On May 14, 2024, President Joe Biden announced that he had directed the Office of the U.S. Trade Representative (USTR) to add or increase tariffs on a range of goods originating from China, including electric vehicles (EVs), EV batteries, battery parts, semiconductors, solar cells, permanent magnets, and certain steel and aluminum products. Newly targeted strategic sectors include critical minerals and medical supplies.
President Biden also announced a new product exclusion process for machinery used in U.S. manufacturing, which allows interested parties to petition for an exemption from the tariffs.
The announcement follows the conclusion of USTR’s long-running review of the tariffs that were imposed on a range of Chinese-origin goods under President Donald Trump. These tariffs are imposed under Section 301 of the Trade Act of 1974 and must be reviewed every four years.

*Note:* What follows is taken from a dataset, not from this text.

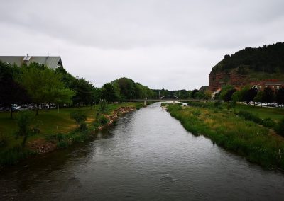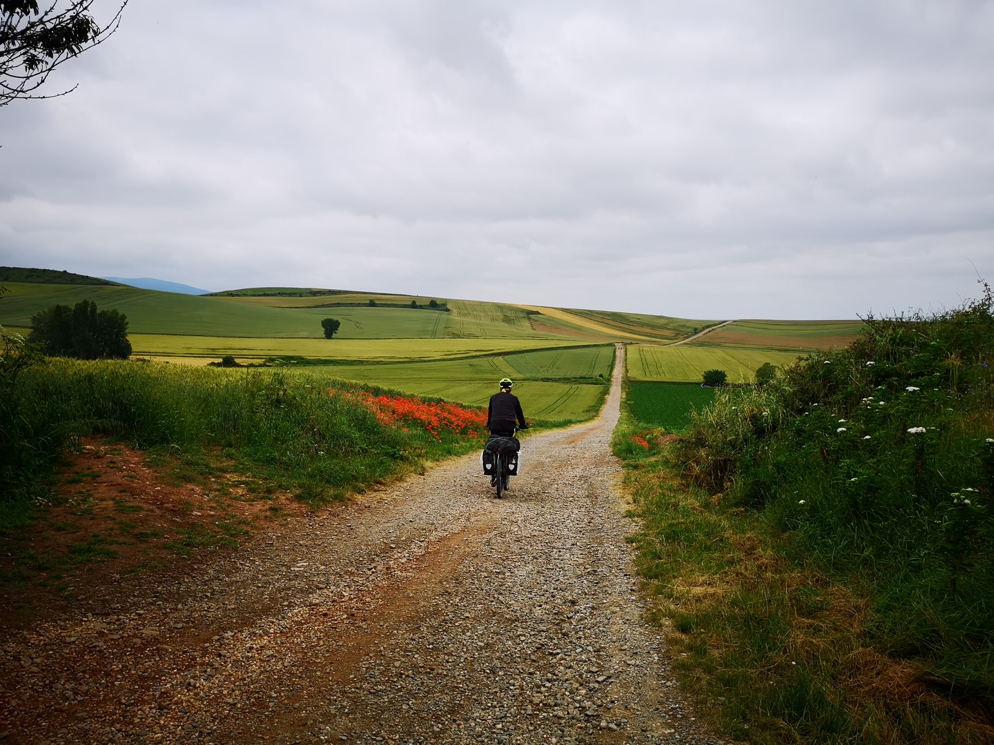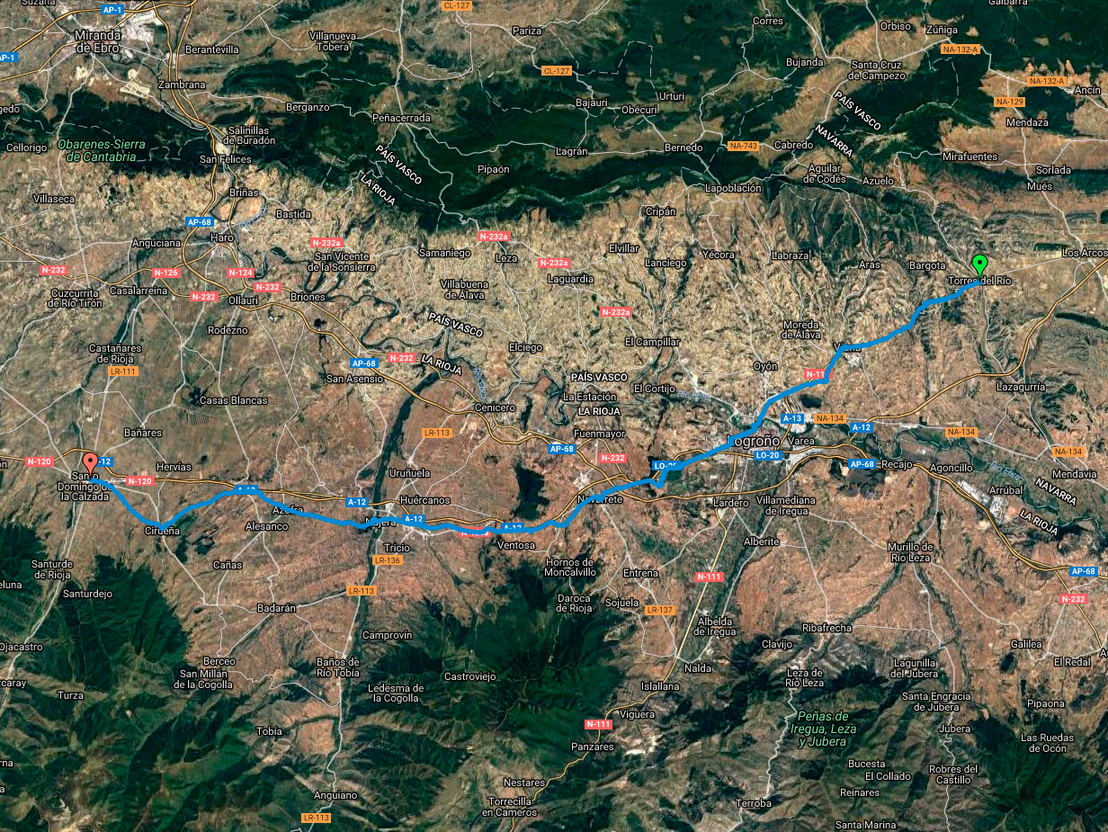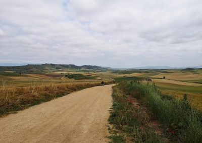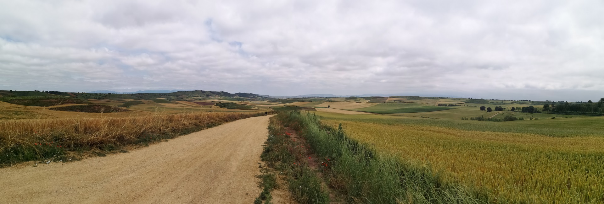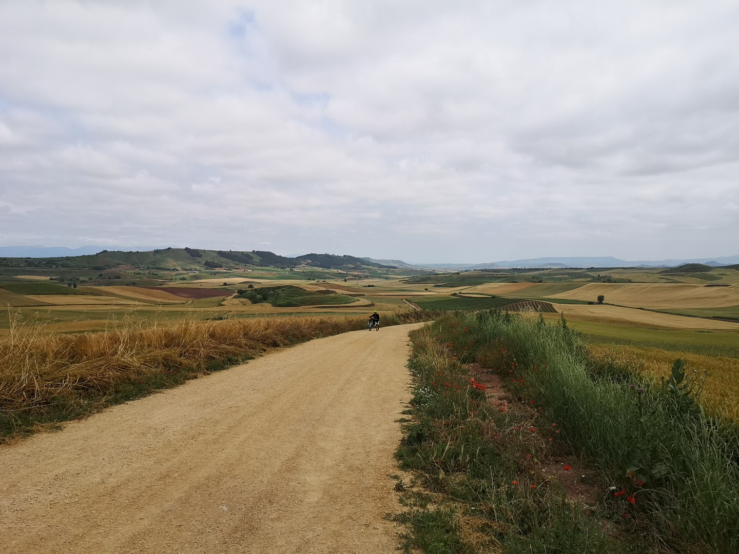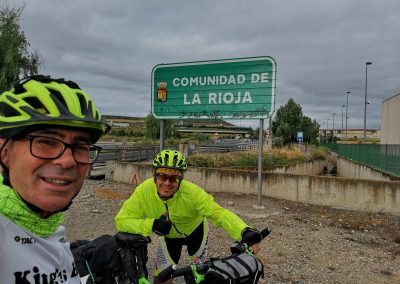 11:25, con el estómago lleno salimos de Navarrete, hace fresquito y continúa el aire que, hace ya unos kilómetros, nos viene acompañando y dificultando el avance pues sopla de frente. Afrontamos una subida, no muy pronunciada, pero muy, muy prolongada, luego todo bajada, gracias a eso hemos cogido un buen ritmo y llegado a Nájera sobre las 12:45.

President Biden’s announcement will come as a disappointment to some U.S. importers, given previous speculation that the review might yield targeted reduction of Section 301 rates or the elimination of certain tariff lines. Instead, all existing Section 301 tariffs have been either maintained at their current levels or increased, and certain products are now subject to Section 301 tariffs for the first time. No tariffs were reduced or eliminated.
The new and increased tariffs complement a range of other Biden administration policies, including policies designed to encourage domestic production of these products. Companies should carefully assess the extent to which new and increased tariffs impact their operations, and the extent to which they may be able to benefit from new exclusion opportunities. Likewise, we recommend that companies closely monitor China’s reaction to the U.S. measures and assess the impact of any retaliation.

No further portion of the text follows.